#### Problem statement:
Every entry is to be returned exactly as it stands; the pictures are to be dropped.

#### Information:
━━━━━━━━━━━━━━━━━━━━━━━━━━━━━━

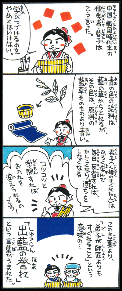 (『荀子』の言葉は「青は藍より出でて藍より青し(あおはあいよりいでて あいよりあおし)」)
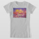 Die Mauer, in den Originalwerken von ZoeSPEAK auf diesem T - Shirt, ist eine alte, rote Ziegelmauer mit einem Wandgemälde auf Stuck, das zerfällt. Das Wandgemälde ist ein Bild von puffigen Wolken im Sonnenuntergang, ganz rosa und hellgelb oben an einem tiefblauen Himmel. Die Botschaft ist, den Sonnenschein lassen.
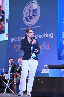 "Sono incredibilmente grata di essere stata selezionata per rappresentare il Regno Unito all'Assemblea Generale dell'IEC. Ho avuto l'opportunità di approfondire i processi alla base dello sviluppo degli standard e di conoscere la valutazione della conformità. Parlare davanti all'Assemblea Generale e fare networking con professionisti provenienti da 96 paesi è stata un'esperienza indimenticabile.
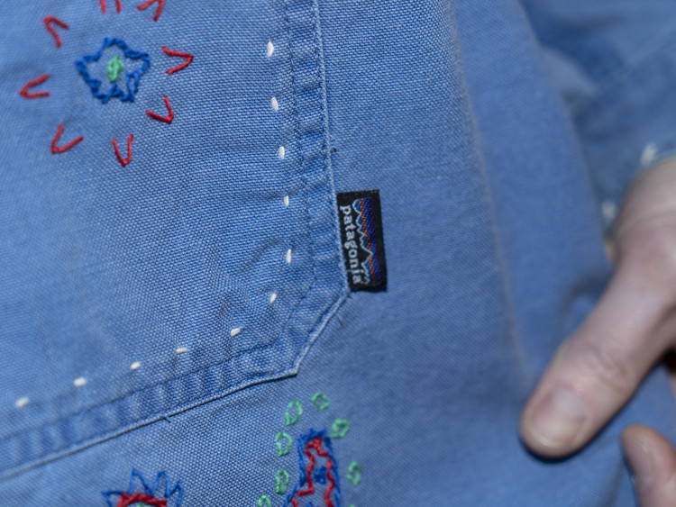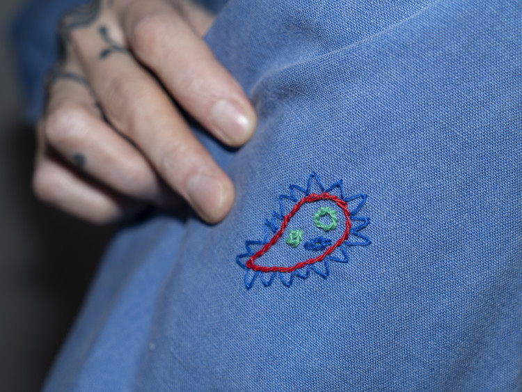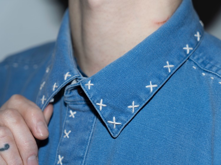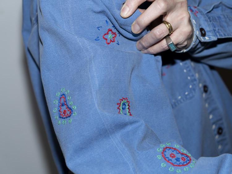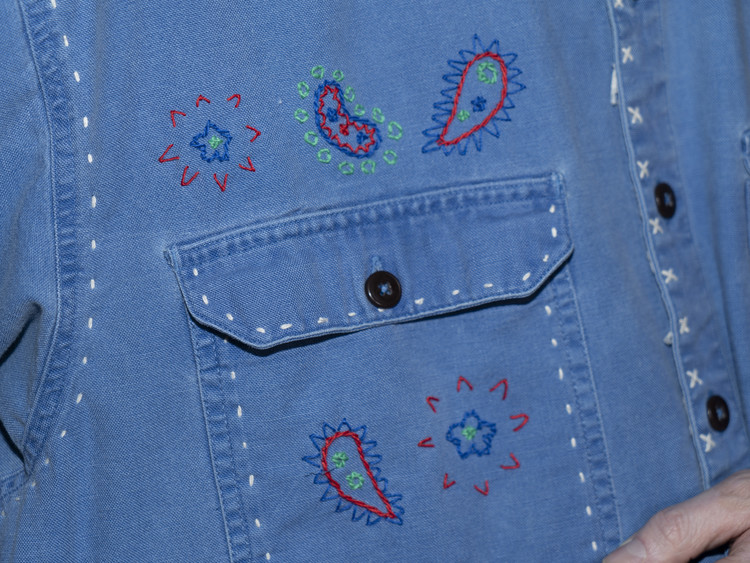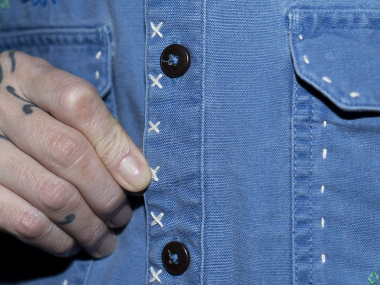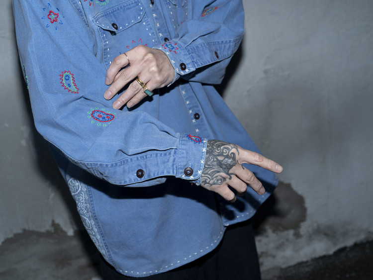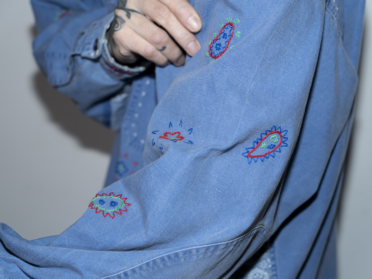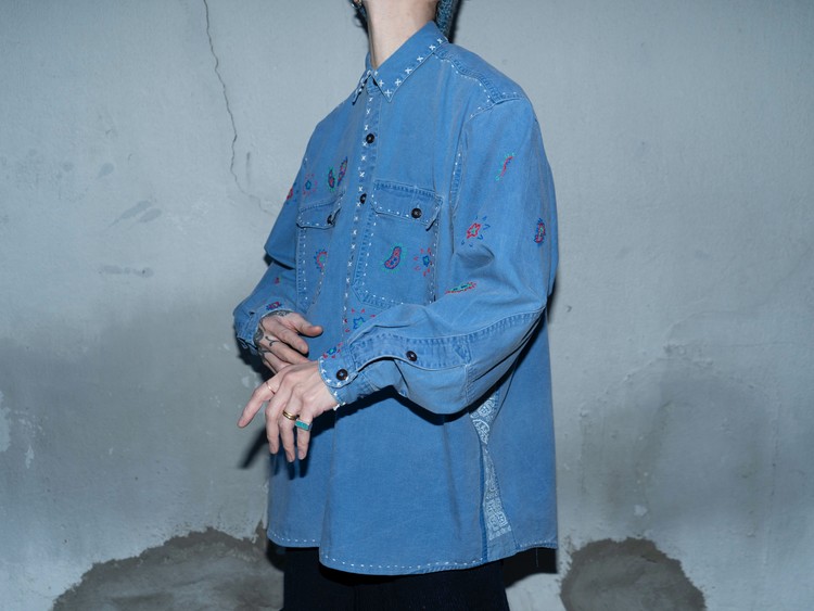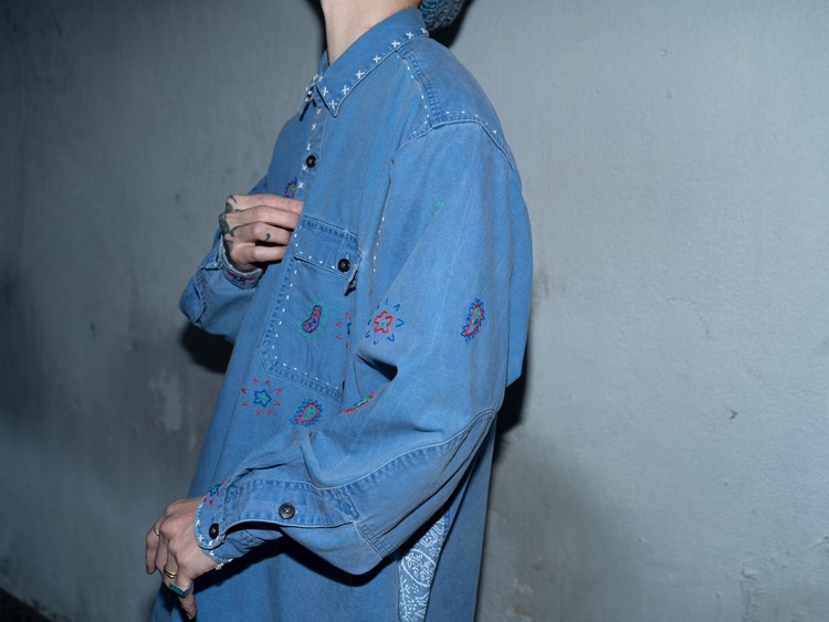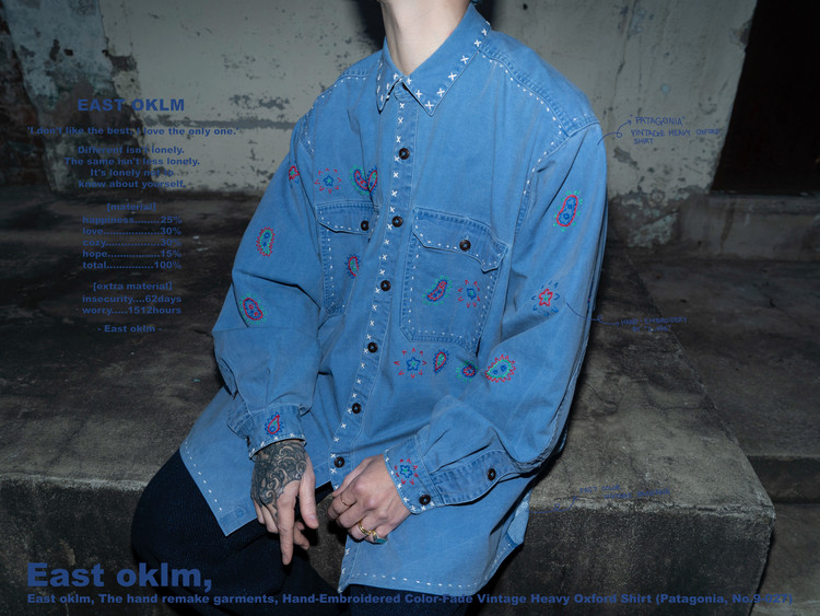 East oklm, The hand remake garments로 적절한 세월감이 닿아 부드럽게 바랜 빈티지 블루 톤의 Heavy Oxford 셔츠에 Landfill 작업과 한 땀 한 땀 더해진 핸드 자수가 어우러져 완성된 제품.
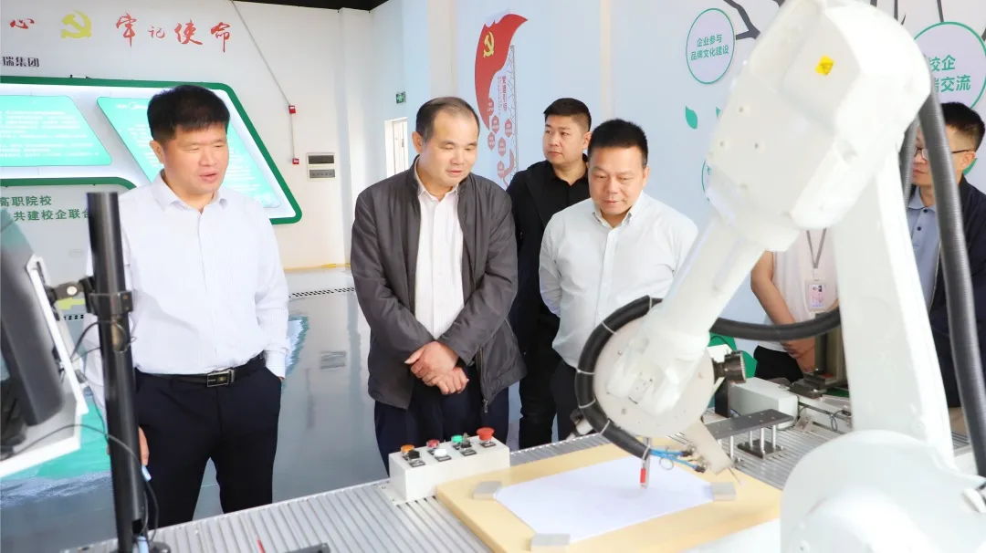 会前,朱海强一行参观了广西自然资源职业技术学院美的绿色智能制造产业学院、国家万众创业创新示范基地、世界技能大赛国家集训队集训点等实训室。

━━━━━━━━━━━━━━━━━━━━━━━━━━━━━━

#### Solution for this exercise:
 (『荀子』の言葉は「青は藍より出でて藍より青し(あおはあいよりいでて あいよりあおし)」)
 Die Mauer, in den Originalwerken von ZoeSPEAK auf diesem T - Shirt, ist eine alte, rote Ziegelmauer mit einem Wandgemälde auf Stuck, das zerfällt. Das Wandgemälde ist ein Bild von puffigen Wolken im Sonnenuntergang, ganz rosa und hellgelb oben an einem tiefblauen Himmel. Die Botschaft ist, den Sonnenschein lassen.
 "Sono incredibilmente grata di essere stata selezionata per rappresentare il Regno Unito all'Assemblea Generale dell'IEC. Ho avuto l'opportunità di approfondire i processi alla base dello sviluppo degli standard e di conoscere la valutazione della conformità. Parlare davanti all'Assemblea Generale e fare networking con professionisti provenienti da 96 paesi è stata un'esperienza indimenticabile.
 East oklm, The hand remake garments로 적절한 세월감이 닿아 부드럽게 바랜 빈티지 블루 톤의 Heavy Oxford 셔츠에 Landfill 작업과 한 땀 한 땀 더해진 핸드 자수가 어우러져 완성된 제품.
 会前,朱海强一行参观了广西自然资源职业技术学院美的绿色智能制造产业学院、国家万众创业创新示范基地、世界技能大赛国家集训队集训点等实训室。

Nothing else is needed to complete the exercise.